Engineering Contradictions & Design Principles
Engineering Contradiction Analysis
1Productivity
If the agricultural harvester operates in areas with varying crop states, then the harvesting coverage is maintained, but the harvesting efficiency and grain loss reduction deteriorate due to the need for frequent machine setting adjustments
Solution Approach 1:
The system performs preliminary sensing of crop state conditions ahead of the harvester's path using forward-looking sensors. This advance detection allows the control system to pre-adjust machine settings (header height, reel speed, cutter bar position) before entering areas with downed or varying crop, eliminating the need for frequent manual adjustments and maintaining harvesting efficiency across diverse field conditions
Solution Approach 2:
The system continuously monitors crop state using in-situ sensors and feeds this information back to the control system. The feedback loop enables real-time automatic adjustment of harvesting parameters based on actual crop conditions, resolving the contradiction by making the system responsive to varying crop states without requiring operator intervention
2Loss of substance
If the agricultural harvester uses manual machine setting adjustments for downed crops, then the grain loss is reduced, but the productivity and harvesting speed deteriorate due to operational interruptions
Solution Approach 1:
The harvester system performs self-adjustment of its harvesting parameters through automated control based on sensor input.
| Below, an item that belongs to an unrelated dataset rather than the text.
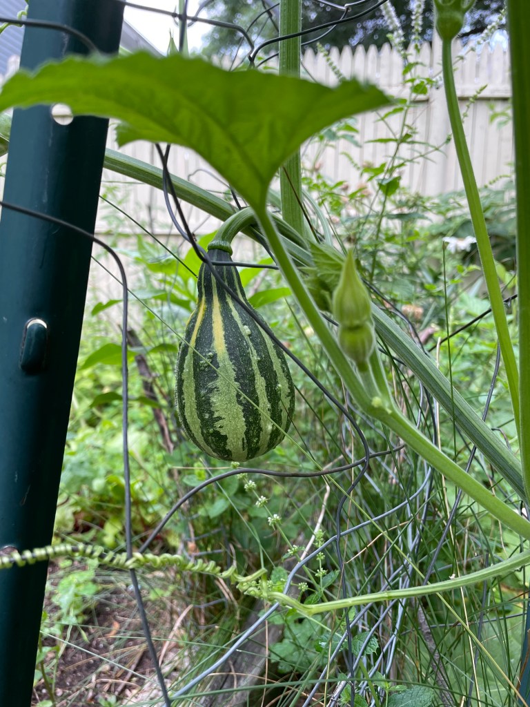 But can we live locally anymore? Many, many of my fellow townspeople in our 110,000 population, magnificently diverse city do manage to raise admirable summer vegetable gardens in tiny plots owned, rented, borrowed, or purloined by them. I have even consumed from my own garden abundant arugula, some tomatoes, some cucumbers, some beets. But other than vegetables, what else? What else in anyone’s life these days can be provided, produced at one’s homestead or close neighborhood? By the way, the hoped for buttercup squash I wrote about last time was not. It is gourds. Perhaps one of you can use them to decorate? I am at a loss for what to do once I tire of seeing them draped colorfully over the fence, stakes, and other obstacles that they in their persistent crawl forward latch onto.

The system independently detects crop state variations and automatically modifies header height, reel speed, and other settings without operator intervention, thereby reducing grain loss while maintaining continuous operation and harvesting speed
Solution Approach 2:
The system replaces manual mechanical adjustment operations with automated sensor-based control. Electronic sensors detect crop conditions and trigger automatic mechanical adjustments via actuators, eliminating the need for operators to stop and manually adjust settings, thus preserving both grain recovery and harvesting productivity
3Adaptability or versatility
If the agricultural harvester operates without predictive mapping, then the device complexity is reduced, but the adaptability to varying crop states and path planning capability deteriorate
Solution Approach 1:
The system creates predictive maps of crop state conditions ahead of the harvester's current position using forward-looking sensors and historical data. This preliminary mapping allows the control system to plan the optimal harvesting path in advance, adapting to varying crop states without requiring complex real-time decision-making, thus balancing adaptability with manageable system complexity
Data Source
AI summary
One or more information maps are obtained by an agricultural work machine. The one or more information maps map one or more agricultural characteristic values at different geographic locations of a field. An in-situ sensor on the agricultural work machine senses an agricultural characteristic as the agricultural work machine moves through the field. A predictive map generator generates a predictive map that predicts a predictive agricultural characteristic at different locations in the field based on a relationship between the values in the one or more information maps and the agricultural characteristic sensed by the in-situ sensor. The predictive map can be output and used in automated machine control.